ABOUT THIS TASK ▸ Word for word, the data below must be repeated in full; no picture is to be included.

(INFORMATION SUPPLIED begins)

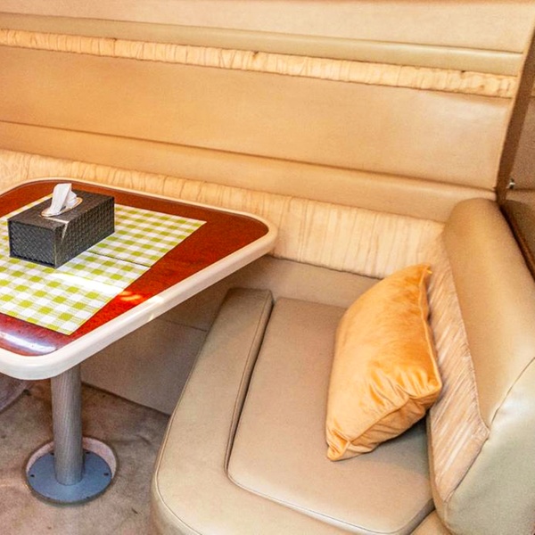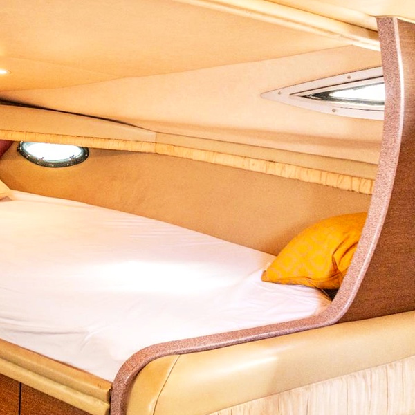 Enjoy a refreshing shower, comfortable air conditioning, soft beverages, a cooler box, well-maintained toilets, high-quality speakers for entertainment, a fully stocked bar, relaxing sunbeds, ice, and all necessary cutlery, plates, cups, a fridge, and private bedrooms for ultimate comfort and convenience.
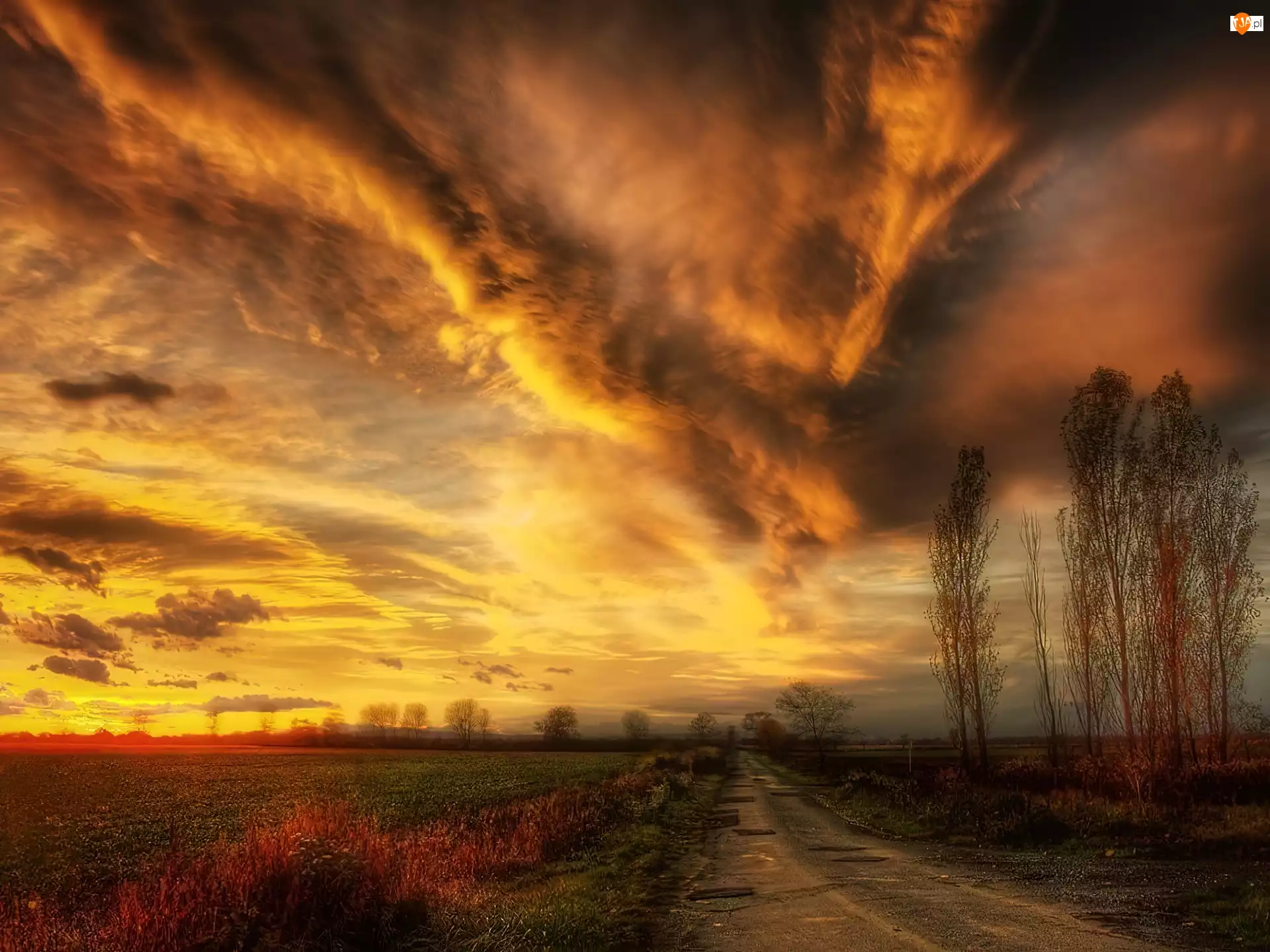Drzewa, Chmury, Zachód, Droga, Słońca
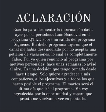 “El martes será el último día que iré al programa. Me voy agradecida por la oportunidad, y espero que pronto me vuelvan a ver en pantalla”, concluyó.
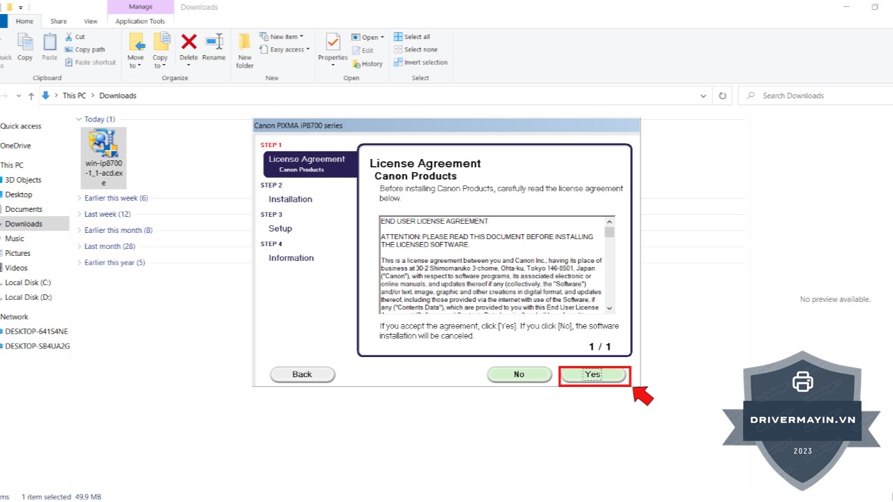 Khi được yêu cầu đồng ý với các điều khoản và điều kiện sử dụng của Canon, hãy đọc kỹ các thông tin này. Nếu bạn đồng ý, chọn Yes để tiếp tục. Điều này là bắt buộc để bạn có thể sử dụng phần mềm và các dịch vụ hỗ trợ của Canon một cách hợp pháp.

(INFORMATION SUPPLIED ends)

RESPONSE BOX ▸
 Enjoy a refreshing shower, comfortable air conditioning, soft beverages, a cooler box, well-maintained toilets, high-quality speakers for entertainment, a fully stocked bar, relaxing sunbeds, ice, and all necessary cutlery, plates, cups, a fridge, and private bedrooms for ultimate comfort and convenience.
Drzewa, Chmury, Zachód, Droga, Słońca
 “El martes será el último día que iré al programa. Me voy agradecida por la oportunidad, y espero que pronto me vuelvan a ver en pantalla”, concluyó.
 Khi được yêu cầu đồng ý với các điều khoản và điều kiện sử dụng của Canon, hãy đọc kỹ các thông tin này. Nếu bạn đồng ý, chọn Yes để tiếp tục. Điều này là bắt buộc để bạn có thể sử dụng phần mềm và các dịch vụ hỗ trợ của Canon một cách hợp pháp.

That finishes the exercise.